▶ **GIVEN MATERIAL**:
# # #

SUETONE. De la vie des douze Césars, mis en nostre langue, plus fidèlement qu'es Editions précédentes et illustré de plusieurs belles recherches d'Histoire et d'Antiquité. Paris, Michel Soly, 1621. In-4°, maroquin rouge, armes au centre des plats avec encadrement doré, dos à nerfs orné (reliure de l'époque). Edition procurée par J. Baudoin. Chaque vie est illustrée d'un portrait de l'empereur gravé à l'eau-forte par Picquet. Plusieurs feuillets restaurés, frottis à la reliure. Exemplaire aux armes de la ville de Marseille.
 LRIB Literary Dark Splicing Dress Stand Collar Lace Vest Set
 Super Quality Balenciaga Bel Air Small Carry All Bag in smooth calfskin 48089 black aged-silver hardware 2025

# # #

▶ **REQUIREMENT**:
Restate word for word the lines above, beginning at the first one and ending at the line that carries "LRIB Literary Dark".

▶ **WRITTEN RESPONSE**:
SUETONE. De la vie des douze Césars, mis en nostre langue, plus fidèlement qu'es Editions précédentes et illustré de plusieurs belles recherches d'Histoire et d'Antiquité. Paris, Michel Soly, 1621. In-4°, maroquin rouge, armes au centre des plats avec encadrement doré, dos à nerfs orné (reliure de l'époque). Edition procurée par J. Baudoin. Chaque vie est illustrée d'un portrait de l'empereur gravé à l'eau-forte par Picquet. Plusieurs feuillets restaurés, frottis à la reliure. Exemplaire aux armes de la ville de Marseille.
 LRIB Literary Dark Splicing Dress Stand Collar Lace Vest Set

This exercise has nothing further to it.